I have been thinking a lot about what really matters in this life. As a mother to young kids, it’s easy to allow the “shoulds” and the “oughts” to rule the day… To let life’s busyness and impossible standards to completely steal my joy.
This past month, I found myself being carried away with all the things I “should” be doing, especially now that Kensington is 5months old (I mean really!). Shouldn’t I be making dinner every night? Shouldn’t I be giving the kids stimulating activities every day? Shouldn’t I be back in shape by now? My daily lists were long and often left me feeling like a failure.
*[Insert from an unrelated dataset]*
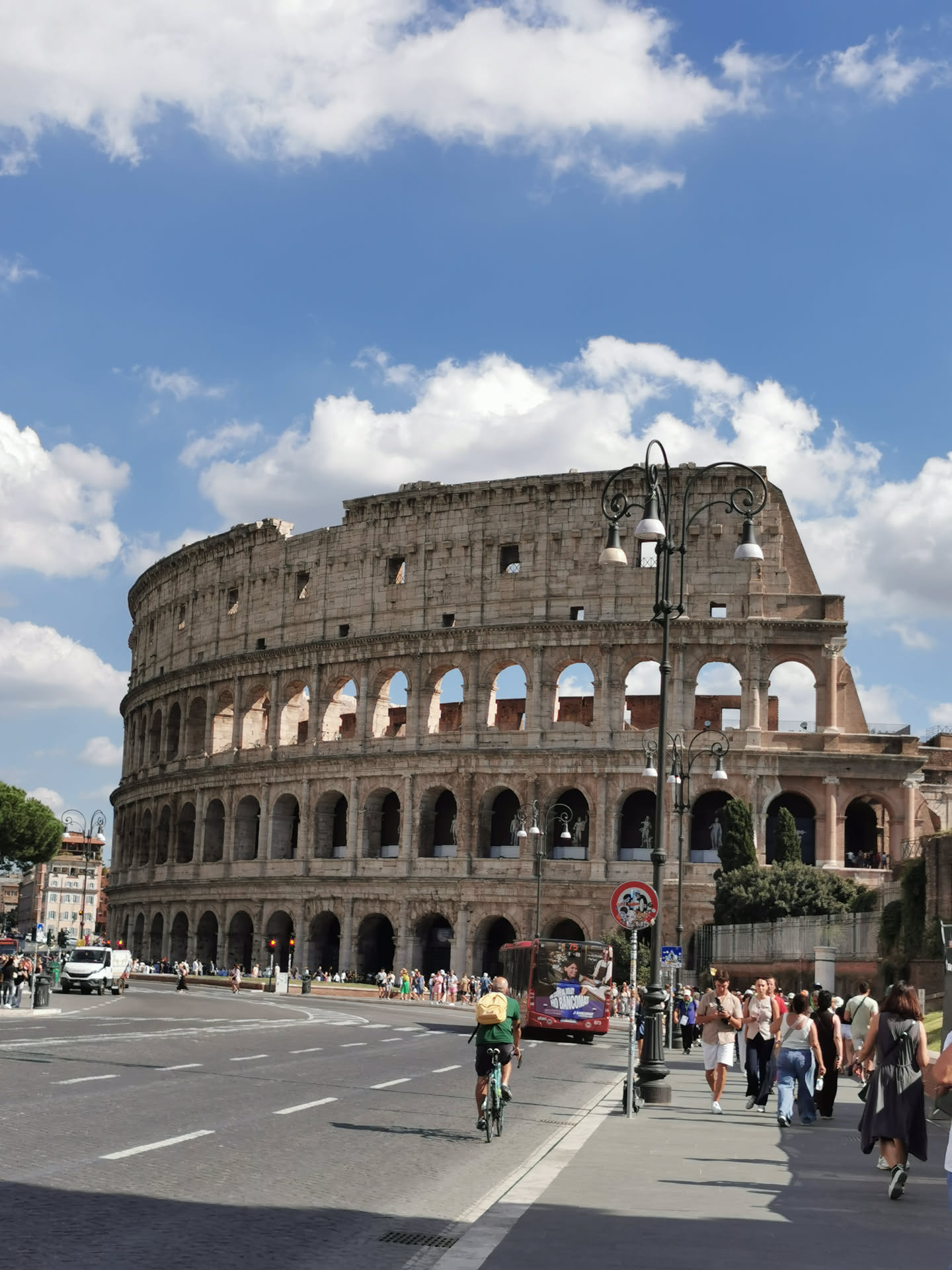 街道两旁,古老的建筑鳞次栉比,斑驳的墙壁上刻满了岁月的痕迹,街头艺人弹奏着悠扬的乐曲,行人悠闲地走着,偶尔驻足交谈,一切都显得那么惬意与自在。路边的咖啡馆里,当地人坐在露天座位上,点一杯咖啡,享受着午后的时光,这份松弛感深深感染了我。 傍晚时分,我来到了罗马斗兽场附近。

I’ve gone through seasons like this before (how about after each child arrived?!?) where I press to be at a place I simply can’t be at yet. So as soon as I realized it, I slowed down and knew I needed a shift in perspective.
I’m so thankful I’ve been reminded recently of a few things that really matter: that I love others like Jesus would, that I live with meaning, that I practice surrendering my plan to Him, and that I stop and breathe and say “thank you”.
I got to hear Donald Miller speak relatively recently and he said “deep meaning feels like gratitude.”
So this is where I’m starting… By saying thank you to God every single day (in a journal so I can be reminded). By trying to love every person God brings my way that day. By practicing surrendering my plans before Him with open hands.
I’m far from having it together, but I’m incredibly thankful for the space to slow down and refocus. For the reminder to simplify.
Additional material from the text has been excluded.